Given material —
####################
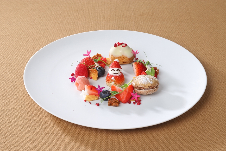 今回は、「NOEL A」・「NOEL B」の2つのコースからお選びいただきます。伝統的なフレンチの技法を用い、素材そのものの良さを感じていただけるよう丁寧に時間をかけて調理したお料理を、カジュアルなコーススタイルでお楽しみいただけます。両コースともオードブルにはじっくりマリネした蝦夷鹿を低温調理で仕上げた「鹿の低温調理 ビーツの香り」、スープには「フォアグラと和牛のポトフ」をご用意。「NOEL A」は魚料理に平目やエビを使用し、メインディッシュにはいわて短角和牛を、また「NOEL B」の魚料理にはオマールエビや甘鯛、メインディッシュには地元京都産のフィレ肉やフランス産のピジョンをご提供いたします。
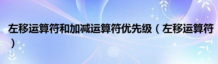 关于左移运算符和加减运算符优先级,左移运算符这个很多人还不知道,今天菲菲来为大家解答以上的问题,现在让我们一起来看看吧!
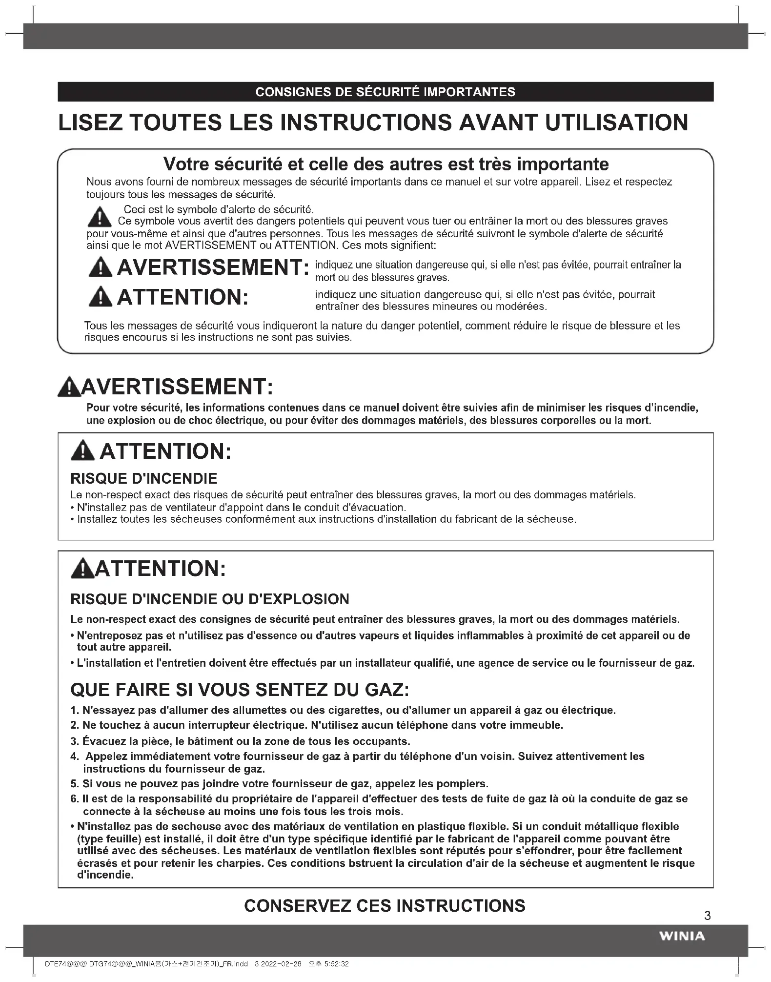 indiquez une situation dangereuse qui, si elle n'est pas évitée, pourrait entraîner la mort ou des blessures graves. ATTENTION: indiquez une situation dangereuse qui, si elle n'est pas évitée, pourrait entraîner des blessures mineures ou modérées. Tous les messages de sécurité vous indiqueront la nature du danger potentiel, comment réduire le risque de blessure et les risques encourus si les instructions ne sont pas suivies.DTE74@@@ DTG74@@@_WINIA폼(가스+전기건조기)_FR.indd 3 2022-02-28 오후 5:52:324 PRÉCAUTIONS DE SÉCURITÉ DE BASE
####################
Write out the material above once more, exactly as it reads, with no pictures.

 今回は、「NOEL A」・「NOEL B」の2つのコースからお選びいただきます。伝統的なフレンチの技法を用い、素材そのものの良さを感じていただけるよう丁寧に時間をかけて調理したお料理を、カジュアルなコーススタイルでお楽しみいただけます。両コースともオードブルにはじっくりマリネした蝦夷鹿を低温調理で仕上げた「鹿の低温調理 ビーツの香り」、スープには「フォアグラと和牛のポトフ」をご用意。「NOEL A」は魚料理に平目やエビを使用し、メインディッシュにはいわて短角和牛を、また「NOEL B」の魚料理にはオマールエビや甘鯛、メインディッシュには地元京都産のフィレ肉やフランス産のピジョンをご提供いたします。
 关于左移运算符和加减运算符优先级,左移运算符这个很多人还不知道,今天菲菲来为大家解答以上的问题,现在让我们一起来看看吧!
 indiquez une situation dangereuse qui, si elle n'est pas évitée, pourrait entraîner la mort ou des blessures graves. ATTENTION: indiquez une situation dangereuse qui, si elle n'est pas évitée, pourrait entraîner des blessures mineures ou modérées. Tous les messages de sécurité vous indiqueront la nature du danger potentiel, comment réduire le risque de blessure et les risques encourus si les instructions ne sont pas suivies.DTE74@@@ DTG74@@@_WINIA폼(가스+전기건조기)_FR.indd 3 2022-02-28 오후 5:52:324 PRÉCAUTIONS DE SÉCURITÉ DE BASE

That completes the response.